◆ EXERCISE DESCRIPTION ◆
Go to the line containing "- 尺寸:55寸整机不锈钢防水显示器" in the records below and print it and every following line exactly, on through the line containing "ВСК, страховой дом", then stop.

◆ DATA SHOWN ◆
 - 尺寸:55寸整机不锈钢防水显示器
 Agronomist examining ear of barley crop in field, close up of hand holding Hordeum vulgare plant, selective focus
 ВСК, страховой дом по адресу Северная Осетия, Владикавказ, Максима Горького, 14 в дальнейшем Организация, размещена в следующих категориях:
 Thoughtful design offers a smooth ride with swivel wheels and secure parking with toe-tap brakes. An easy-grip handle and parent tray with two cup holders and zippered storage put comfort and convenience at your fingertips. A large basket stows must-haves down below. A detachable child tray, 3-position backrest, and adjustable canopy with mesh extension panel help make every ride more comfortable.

---

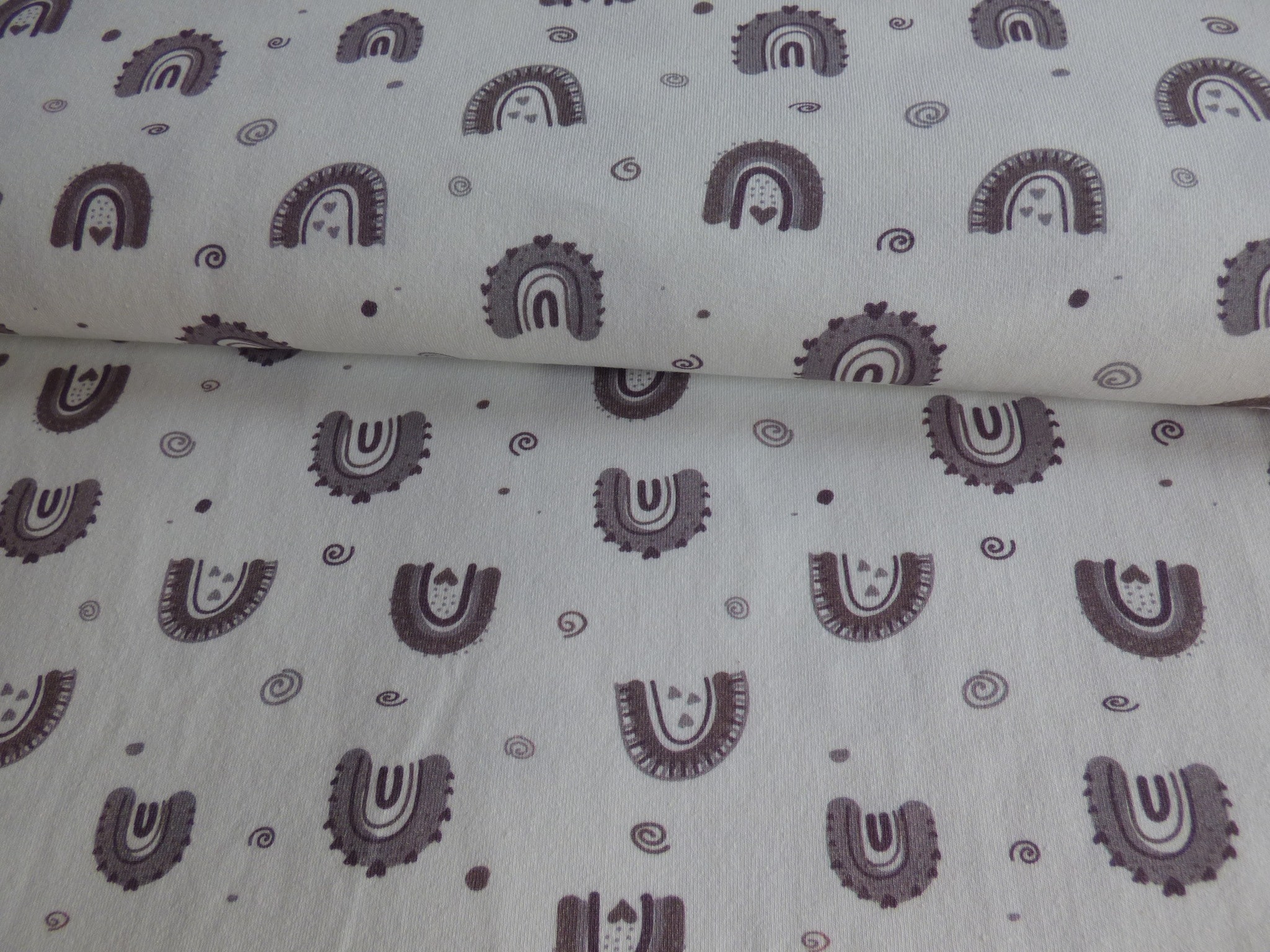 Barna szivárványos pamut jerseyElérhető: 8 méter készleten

◆ ANSWER SPACE ◆
 - 尺寸:55寸整机不锈钢防水显示器
 Agronomist examining ear of barley crop in field, close up of hand holding Hordeum vulgare plant, selective focus
 ВСК, страховой дом по адресу Северная Осетия, Владикавказ, Максима Горького, 14 в дальнейшем Организация, размещена в следующих категориях:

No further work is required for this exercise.